A 4-year-old boy was left alone at a train station in Lund, Sweden. His family were flying to Iraq from Copenhagen, but when they got on the train, he somehow fell behind and was left on the platform.
When the parents turned to the ticked-collector and pleaded for the operators to open the train doors, they refused. "The doors will not open until the next stop," the conductor said.
"We cannot see that we did anything wrong," a train company spokeswoman told Aftonbladet. "We were following protocol."
The driver of the train said in a statement through the company that he would have "obviously" stopped the train if he knew a little boy had been left behind," but this was not communicated to him.

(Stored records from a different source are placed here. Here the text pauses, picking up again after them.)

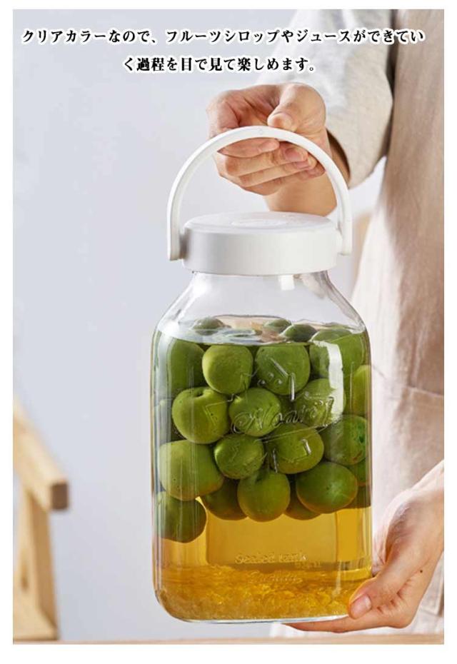 | ガラス製でにおい移りがしにくい保存容器です。【2200ml】【取手付】【ステンレスフィルター付き】 フルーツシロップはもちろん、梅シロップや赤じそジュース、ピクルスなどにも最適です。 クリアカラーなので、フルーツシロップやジュースができていく過程を目で見て楽しめます。 液だれしにくいので、他の容器に注ぐときにも安心です。 注ぎ口が広めなので、注ぐときはもちろんお手入れ時にも洗いやすいのがうれしいです。 | |
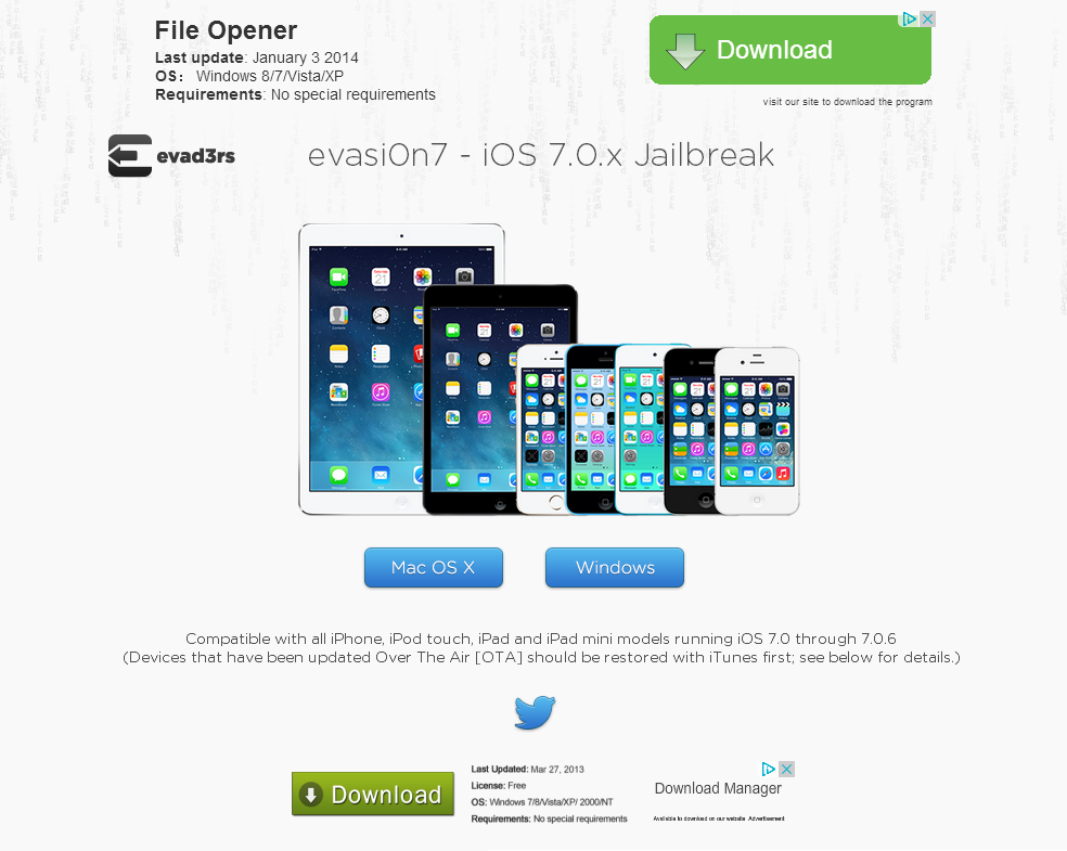 - Загрузить утилиту для джейлбрейка evasi0n7 с официального сайта evasi0n.com
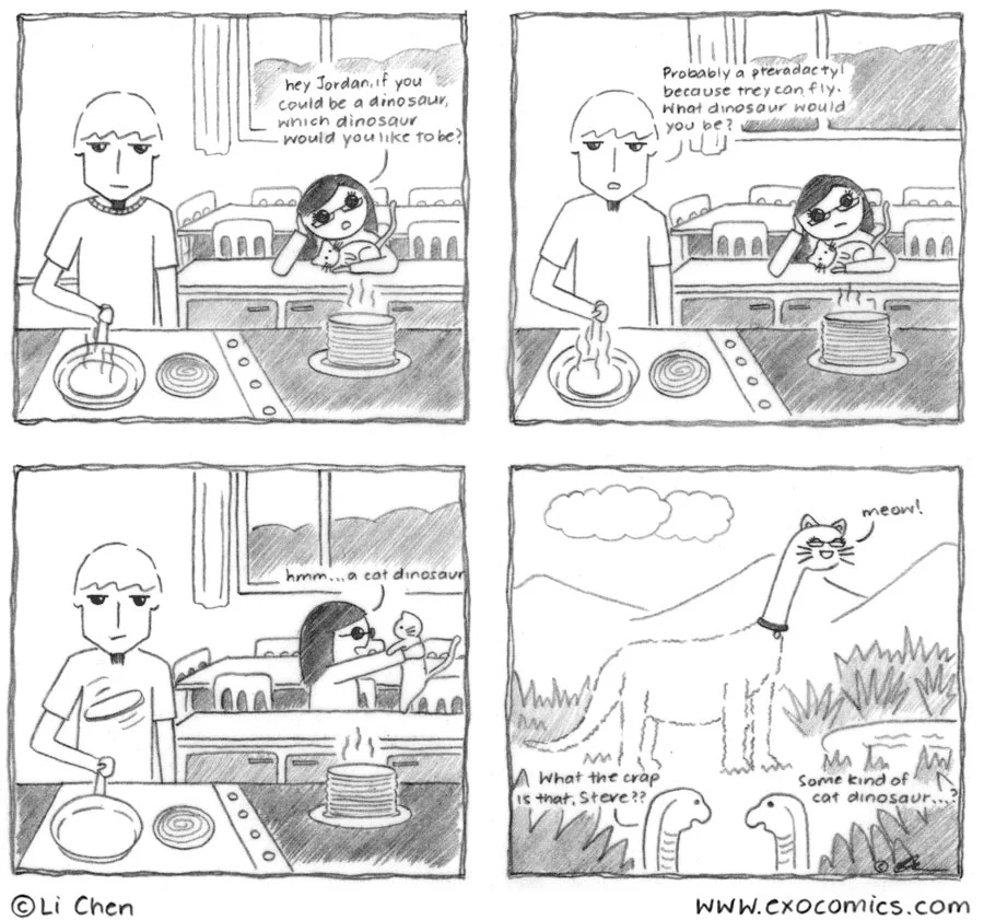 in the third panel, i thought that the pancake was a design on Jordan's shirt XD

A 5-year-old boy in New York City somehow got on the wrong school bus the other day. The first-grader - who was supposed to be walked next-door to an after-school program - told his mother he had gotten on the bus because a school aide told him to. He got off 2 miles from home - all alone - until another parent saw him and brought him back to school.
"Our driver tells us protocol was followed," a bus company spokeswoman said. "No child was left alone."
The driver has been suspended without pay; Education officials would not say if the school aide was disciplined. An Education Department spokeswoman said the agency launched an investigation after the school notified it of the incident. Two DOE representatives even went to the school the next day to monitor dismissal.
In Sweden, the family is claiming discrimination. The cold reception they got from the train staff was due to the family's foreign descent, the father said. The case is under investigation by the Ombudsman for Ethnic Discrimination.